Вкратце так, наверное. Можно сказать, что это судьба; можно сказать, что это воспитание в семье – чтобы быть на стороне правды, а не этого всеобщего вранья, которое управляло коммунизмом. Ну, а дальше – это уже цепь разных случаев, которые привели меня сюда, в Москву, в Сахаровский центр, с этой выставкой.
– Скажите, заниматься такой непростой темой на протяжении долгих лет – это тяжело?
– Нелегко. Конечно, это влияет на психику. Над проектом, которым сейчас показываем – выставкой «Большой террор» – я работал четыре года, с 2008-го по 2011 годы. Когда во время работы часто, почти постоянно ты соприкасаешься с тем, что есть самое зло в человеке, – это нелегко. Бездна зла. Она была в этом государственном терроре сталинских времен. Всё, что самое страшное может человек сделать другому человеку, – это было. Это, конечно, влияет. Это тяжело. Бывает – это снится.
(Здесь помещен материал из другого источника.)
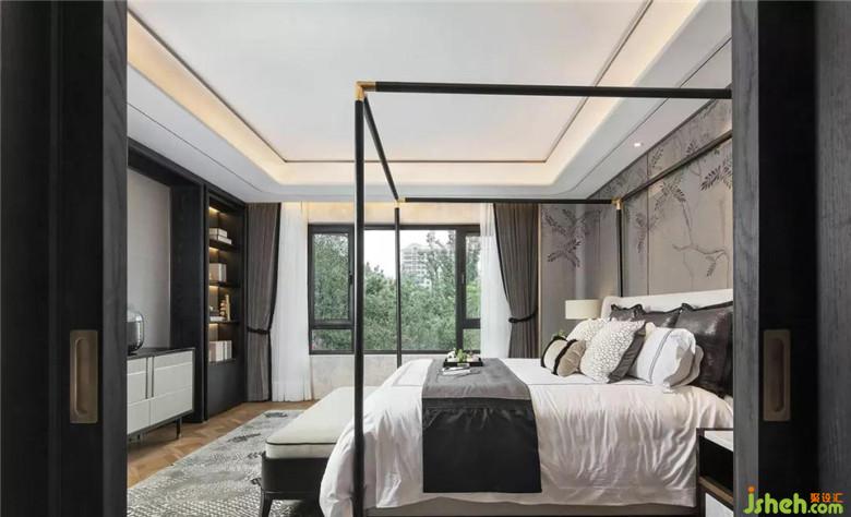 在老人房的處理上,窗前的遠(yuǎn)山景色被凝練于高低錯(cuò)落的屏風(fēng)之上,青松盆景、墻上金屬葉片自然的元素與生活的崇高詩意在此融為一體。

– Как бы вы для себя ответили на вопрос: о чём эта выставка?
– Я скажу так: это попытка представить по мере возможности образ Большого террора. Как бы в трёх главах: первая из них – портреты расстрелянных – самый выразительный и страшный фотодокумент сталинских времён, то есть это люди, которые был сняты после ареста перед расстрелом; вторая часть – это места массовых захоронений и места расстрелов по всей территории бывшего Советского Союза. Я объездил все двенадцать часовых поясов и снимал те места, где они похоронены.
Третья и последняя часть выставки – это разговоры с очевидцами, с детьми расстрелянных. Эти эмоционально очень сильные монологи позволяют осознать, что такая травма – она длится всю жизнь, остаётся с человеком до поздних лет.
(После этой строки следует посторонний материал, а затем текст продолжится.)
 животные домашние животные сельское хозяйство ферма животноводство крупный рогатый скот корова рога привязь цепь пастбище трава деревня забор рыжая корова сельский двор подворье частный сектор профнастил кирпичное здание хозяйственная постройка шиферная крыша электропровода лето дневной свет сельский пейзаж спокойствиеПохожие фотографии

Многие из людей, которые дали мне интервью, уже ушли из жизни. И до последних дней они до слёз страдали из-за того, что когда-то давно в четыре утра или в два часа ночи в их дом пришли и забрали их близких; забрали – и десятки лет они не знали, что с ними произошло, не знали мест захоронения.
Это самое страшное, что может случиться с человеком. Это очень варварский акт против человечества – лишить близких права на погребальный церемониал. Это дано человеку просто по натуре – верующий он или неверующий; человеку это нужно.
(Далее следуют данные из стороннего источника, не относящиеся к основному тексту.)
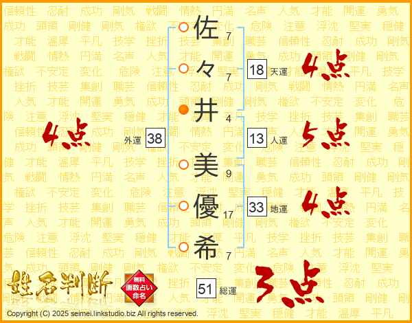 佐(7画)々(7画)井(4画) 美(9画)優(17画)希(7画)

Если человек этого лишён, он не может успокоиться, он не может выплакаться, он не может смириться с уходом кого-то, кого он любил. Вот это и есть основная суть этих интервью, которые показаны на выставке. И такое было моё направление, видение этих интервью.
– Вы сказали, что снимали места захоронений по всему Советскому Союзу. Но наверняка вы посетили не все? Есть ли такие места, которые преданы забвению?
– Да, их много. До сих пор найдено чуть больше сотни определённых мест массовых захоронений. Историки считают, что их в общем должно быть примерно триста. То есть двести, две трети ещё не найдены, не определена их географическая локализация. И поскольку очевидцы ушли (в том числе исполнители приговоров, которые довольно часто были фактором находки), – сейчас они находятся только случайным путём.
Для примера: в 2008-м году я снимал во Владивостоке место, о котором тогда только приблизительно было известно, что, возможно, там, на четырнадцатом километре дороги на Горностай (бухта на окраине Владивостока – Ред.), в годы репрессий хоронили расстрелянных. Два года спустя, когда строили дорогу, там наткнулись на массовые захоронения.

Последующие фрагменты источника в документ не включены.